Upstate Village Takes the Choking out of Its Controversial Official Seal

More than 200 years after local lore says a settler named Hugh White bested an Oneida Indian in a friendly wrestling match, he's still grappling with his opponent - at least on an upstate New York village's newly revised official seal.

Whitesboro found itself making national news in early 2016 when it held a public vote on whether to change the village seal, which depicted a white man besting a Native American in a hand-to-hand struggle. Some considered the image racist and insensitive, and an online petition to get the seal changed led to the non-binding vote, which ended with 157 residents voting to leave the seal alone, out of 212 votes cast.

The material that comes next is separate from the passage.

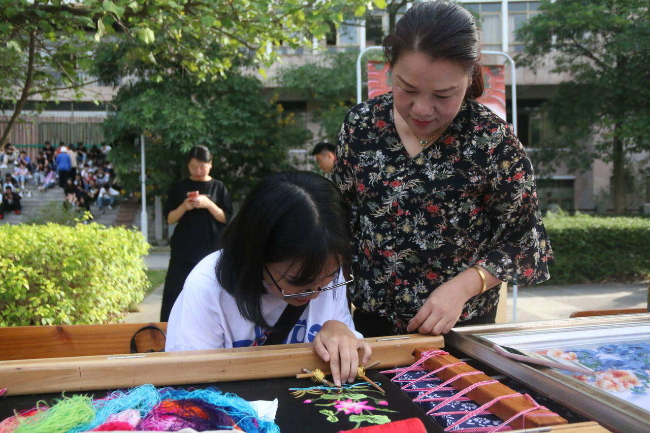 今天的漳繡,早已突破了傳統(tǒng)的相傳模式。通過不懈地堅(jiān)持,陳鐘輝已經(jīng)成功帶出了新的一批徒弟,每周他們都會(huì)積極參與非遺進(jìn)校園活動(dòng),讓學(xué)生們近距離接觸漳繡,他的徒弟們也打破了傳統(tǒng)慣例,敞開大門廣招學(xué)徒,甚至到漳州市屬高校招收學(xué)生,傳授漳州刺繡技藝。

But after the vote, village officials said they would change the seal, which appeared to show white man choking his Indian opponent. The newly released seal, designed by a student at an art school in nearby Utica, features better graphics but still depicts a white man - village founder White - going head-to-head in a wrestling stance with an Oneida, albeit one who's clothing and headdress are more historically correct than the bare-chested, buckskin breeches-wearing Indian in the old seal.

"We didn't have a problem with the wrestling match" theme remaining in the new seal, Dana Nimey-Olney, clerk and registrar for the village, said Wednesday.

According to local historians, in the late 1700s White settled the village that would bear his name and established good relations with the local Oneida tribe. When one of the Indians challenged him to a friendly wrestling match, White threw and pinned his opponent, according to the village's website.

"It was now they became friendly," Nimey-Olney said. "They wanted each other's respect through things like this wrestling match."

The new seal has been placed on village vehicles, signs and buildings.

The January 2016 vote to keep the traditional seal caught the attention of Comedy Central's "The Daily Show," which mocked the vote's outcome in a segment on the controversy. Other media outlets covered the issue, bringing national attention to the village of 3,600 that's located 80 miles (129 kilometers) northwest of Albany.

It wasn't the first time someone sought to change the seal. According to the Observer-Dispatch, a newspaper in nearby Utica, the village was sued over the seal by a Native American group in 1977. The village altered the seal slightly, but kept the wrestling image intact.

Village officials said last year that they would work with the Oneida Indian Nation to come up with a new design for the seal. Joel Barkin, a spokesman for the Oneidas, said nation officials had no comment on the new seal.